While the rise of victim-based justice is often seen as a reflection of a more liberal and caring justice system, it is worth recalling that the first politicians to “stand up for victims of crime” were right-wing Republicans in America in the late 1960s. This was a time when the criminal justice system in the US was fast losing its legitimacy, not only among oppositional radicals but also amongst the so-called “silent majority”. A Dirty Harry approach was needed. “Clear the streets and lock up the bums,” was the cry from the Right who fast become advocates of victims of crime.
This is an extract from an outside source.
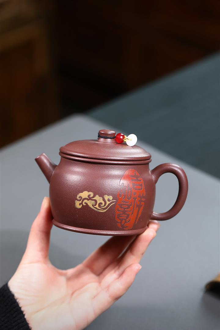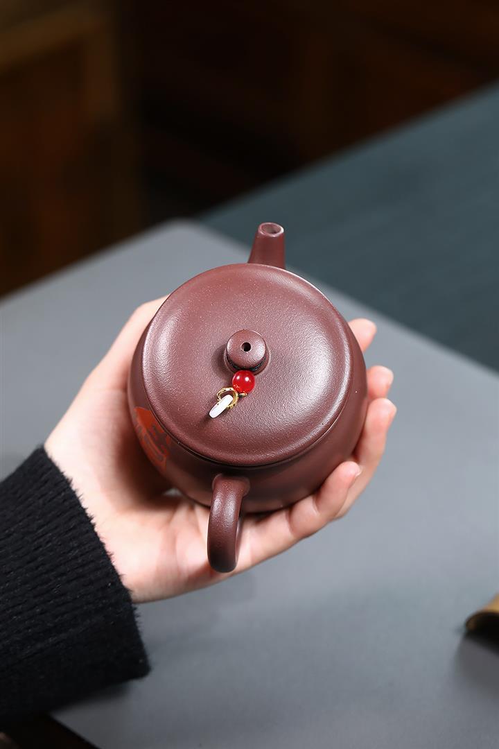 155cc原礦大紅袍紫珠泥鐘韻側把茶壺POT9753

In the UK, a similar process emerged in the 1980s. Again, the criminal justice system was losing its legitimacy. The rehabilitative dream of the welfare system lost supporters and again, as in the US, the justice system, especially the police, was seen as a reactionary force – as “Thatcher’s Boot Boys”.
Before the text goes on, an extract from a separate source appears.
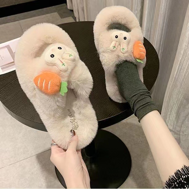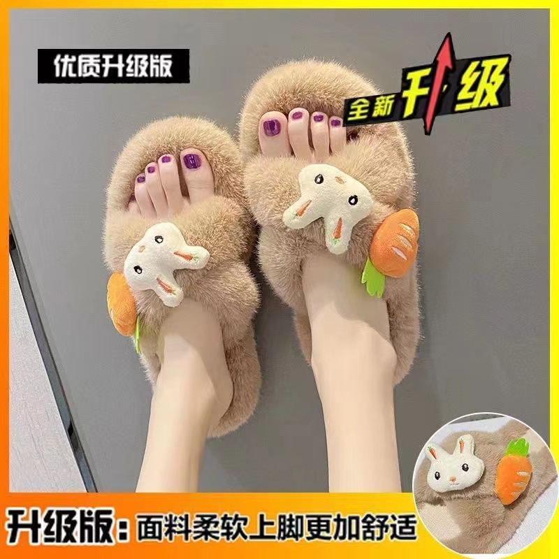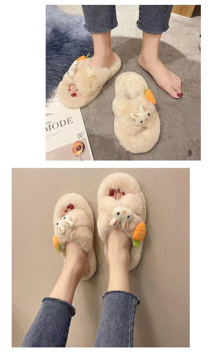 2023 가을과 겨울 인터넷 인기 Maomao 면 슬리퍼 여성용 귀여운 가리 하트 교차 한 단어 두꺼운 바닥 미끄럼 방지 홈스토어 가기

It was this problem of legitimacy and a vengeful right-wing reaction to crime problems that first elevated the victim as a central figure in the justice process. In the 1990s, however, “standing up for victims” was turned into a radical concern as ex-socialists and feminists abandoned their dreams of changing society to themselves become advocates of victims and what newly became defined as vulnerable groups.

At a philosophical level what we were witnessing was the abandonment on the Right of a belief in morality (and moral rehabilitation) and of politics on the Left (and of a social approach to crime and justice). Moral and political arguments were now replaced by an avalanche of law-making and new policing initiative, and the historical relationship between (active) citizens and the state was replaced by a growing scramble to stand up for and advocate on behalf of all of us as (passive) vulnerable potential victims.

The result is that the caricatured traumatised victim of crime has become the crutch upon which the criminal justice system, and indeed politics itself, has attempted to re-legitimise itself. Restorative justice is one of the practical outcomes of this process.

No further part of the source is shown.